Cody came to himself with a start. Hospital walls, clean mint green matching the lighter tiles of the floor, and a redhead in a nurse's outfit, shining a penlight in his eyes. Cody jerked back. "Stop that," he muttered. "Where's Nick?"

"Nick? Nick who? Is he your next of kin? A brother, maybe?" The redhead frowned and took a step back, reaching for the clipboard on the counter. Miriam, her nametag read.

"Yeah," Cody latched onto the idea gratefully. "My brother. Nick. Nick Ryder. Is he here?"

Miriam's pen paused just milimeters from the carbon-triplicate form. "Nick R--so your half-brother, right?"

Cody stared. "My brother.
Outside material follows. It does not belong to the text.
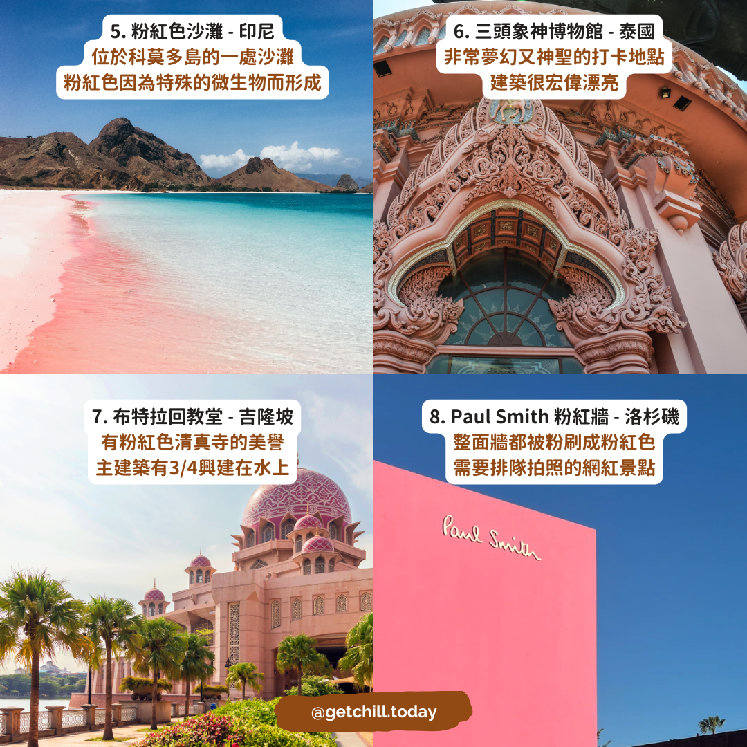 位於印尼科莫多島。沙灘的粉紅色是由一種叫做孔蟲 (Foraminifera) 的微生物引起的,這種微生物的外殼在沙灘上形成了粉紅色的沙子。
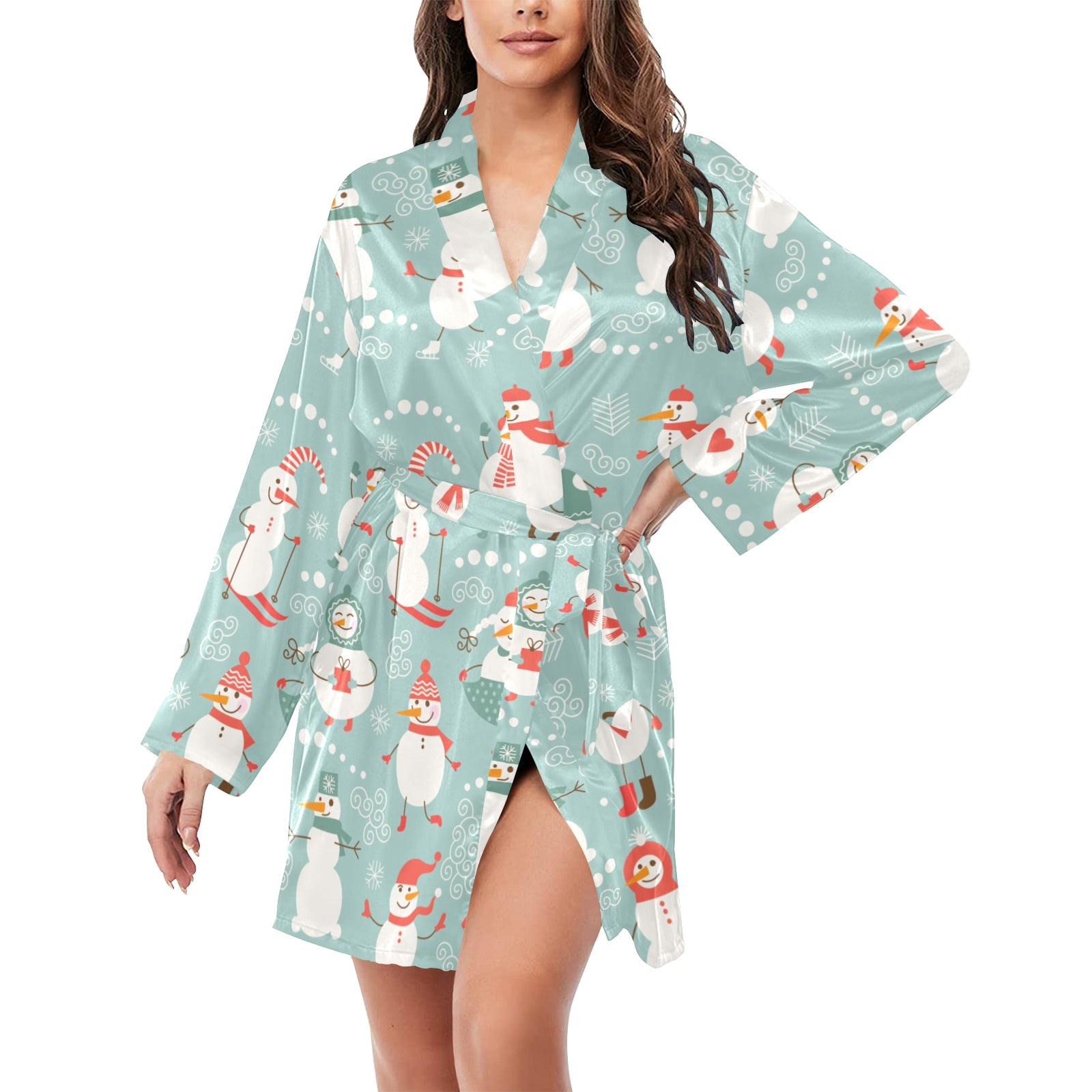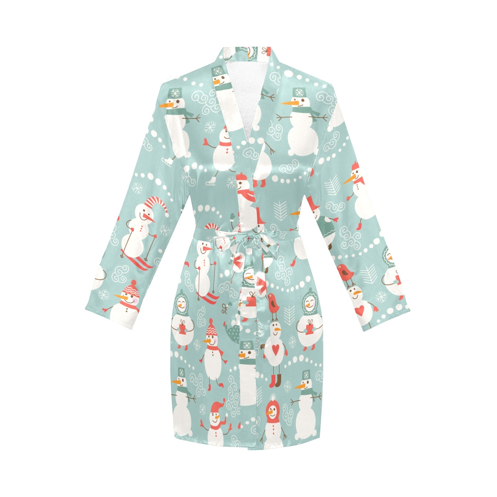Cute snowman pattern Women's Long Sleeve Belted Night Robe

Nick."

The pen rolled over the soft pages of the form. "D'you have his number, Mr. Allen? We can give him a call, get him to come down here." Miriam's green eyes were keen and understanding somehow. Cody stumbled over the words, failing to explain until she held up a hand. "Okay. Let's get Nick later. Right now, Mr. Allen, I'm a little more worried about you. Do you know why you're here?"

Cody frowned. "Something happen at the party?"

"When your friends dropped you off, they said you'd turned violent, started punching the walls."

Do me proud, Cody, or die trying.

Cody looked down at his hands lying curled in his lap, bloodied and broken like birds fallen from the sky, feathers matted with gore. He looked up at the nurse in confusion. "My friends?"

Miriam put down her pen and brushed a wing of red hair back from her face. "They dropped you off here, Cody, a couple hours ago. D'you remember any of that?" She reached a hand out toward his face and Cody flinched. She dropped her hand back down to her side.

"Cody...d'you remember eating or drinking anything that tasted funny? Someone give you anything like a pill, a pipe maybe?"

Cody swallowed hard, his gaze still on his bloodied hands, the ones he still couldn't feel. "I want Nick," he said softly. "I wanna go home."